When I adventured on my new journey to Fargo, North Dakota to join a team of EMDR Psychotherapists, a massage therapist, and a music therapist- I truthfully found myself feeling under qualified. I had no additional "letters" behind my name, I dont have a doctorate, and so on. Really, I could go on about my negative thought process- but I will spare you. So what did I have to bring to this new team? I quickly learned that what I was bringing was an entire new discipline and approach to this area. Little did I know, that there was no other OTs within the Fargo/Moorhead area (so far that I know) that do outpatient Mental Health with adolescents/adults with specific sensory modulation or chronic condition interventions. So once again it was my experience as a clinician that I was bringing to this new team and I was letting my imposter syndrome get in the way.

What I had was my willingness to learn and an open mind which is why I ended up in Mental Health OT in the first place. That willingness to learn opened my eyes to take notes and learn from the other multidisciplines around me. Not every OT has /had this opportunity. With some reflection in fact, I may be one of the only OT's possibly working in a "emerging" practice.

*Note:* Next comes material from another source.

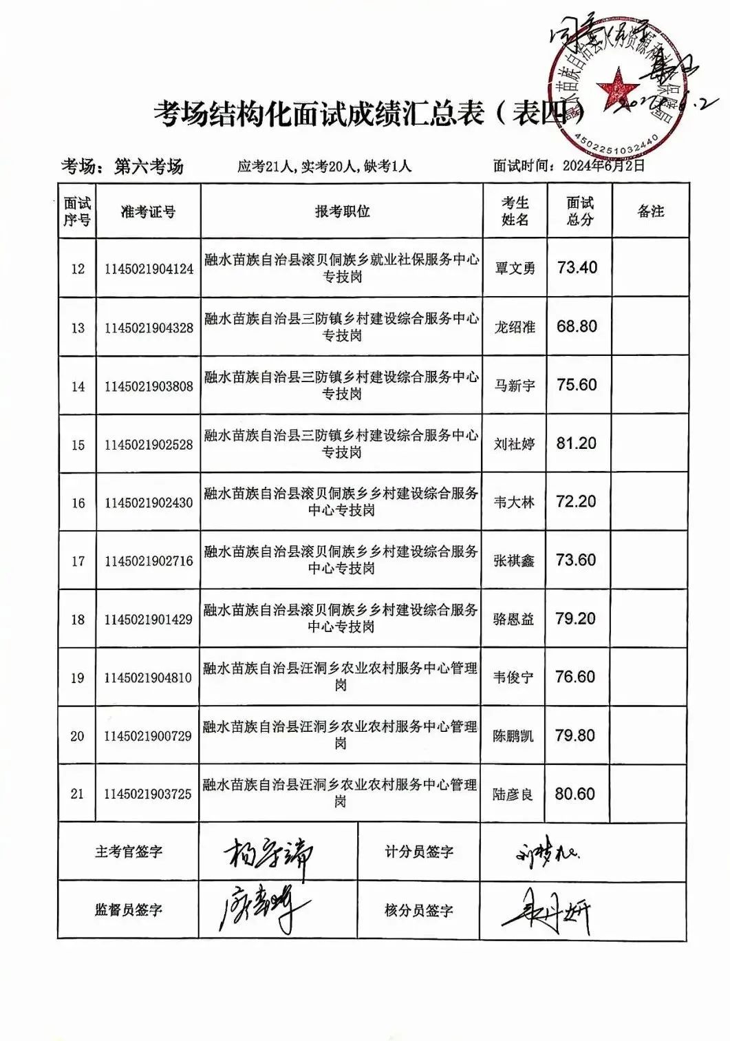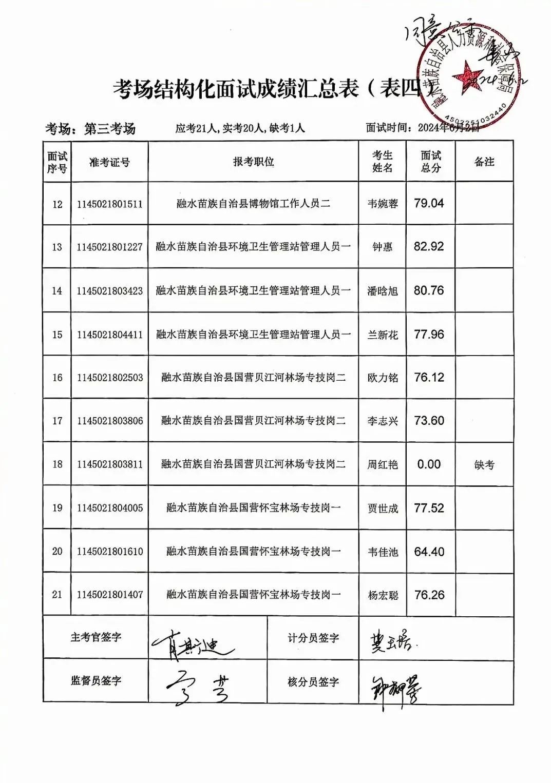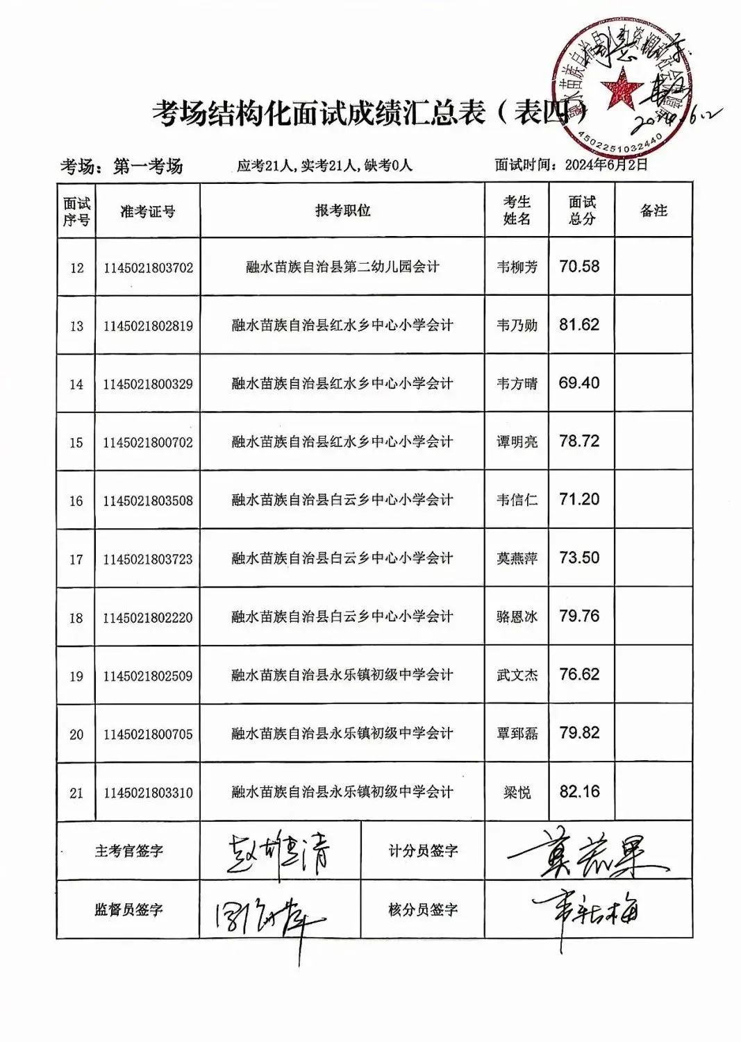 各位考生: 根据《2024年度柳州市事业单位公开考试招聘工作人员公告》和《2024年柳州市融水苗族自治县下属事业单位公开招聘工作人员面试公告》要求,现将融水事业单位公开考试招聘工作人员面试成绩公示如下: 一、融水苗族自治县民族小学师范校区考点:全县事业单位岗位,共设置9个考场。结构化面试,面试成绩满分100分, 60分为合格(成绩计算四舍五入,保留到小数点后两位)其中,因面试入闱人数不足或考生缺考等原因,面试时达不到1:3开考比例的,该岗位考生成绩须达到70分以上(含70分)。该岗位考生面试成绩公示如下:

So a month or two had gone by and my caseload has picked up quickly. Plus, I was getting to learn from some osmosis from the other practitioners. This sparked my curiosity so I started my search to be more “qualified”. I wanted more, more information on the role of OTs in trauma along with any interventions or specialities I could obtain. I have done a lot of digging and I am still debating the pros/cons of certain certifications or specializations. Through my digging I have gotten to chat with some really passionate MH OTs and upcoming OT students entering the profession.

It has been rejuvenating for me and to see other OT's sound so passionate- which re-fueled my fire. So I did decide eventually to pursue my Certified Trauma Professional certification. Why? Because to be honest I got it at a decent price and I wanted to learn more about trauma overall before narrowing down my speciality even further. For reference, I got this certification through PESI in partnership with evergreen certifications. Check that out here for a general broad overall training about trauma https://www.evergreencertifications.com.

Below, you will see all the information I have dug up over time. I encourage you to reach out to an OT that offers these approaches before pursuing it yourself. And let me remind you that these special “niches” are not required to be a Mental Health OT and nor should you get certified or take a training if you are not sure that this is something you truly want to do or use in your practice. Do CEU's and certifications help you?- yes of course. Do they make you a better OT? -not necessarily. Some of my best mentors that have been lifelong OTs in the Mental Health (30+ years) and there experience has taught me everything I know today. Nothing can replace that. Having mentors as a student or new graduate can really help you in your beginning stages of a career.

Also for disclosure purposes the CEU's, Certifications, & Specialized trainings I am going to list below are not necessarily going to give you CEU's and you may have to further refer to your state/countries regulations. These are listed because I have heard other OTs become trained in them but since I am not personally trained in them all I do not know all the requirements.

If you have any further recommendations I encourage you to go to the new mOTivating community forum to share and discuss this blog post further!

EMDR- Eye-movement desensitization and reprocessing

Depending on the place of certification, Occupational therapists who are working in mental health specifically that are working with clients that have experienced trauma are listed as eligible professionals to receive EMDR training.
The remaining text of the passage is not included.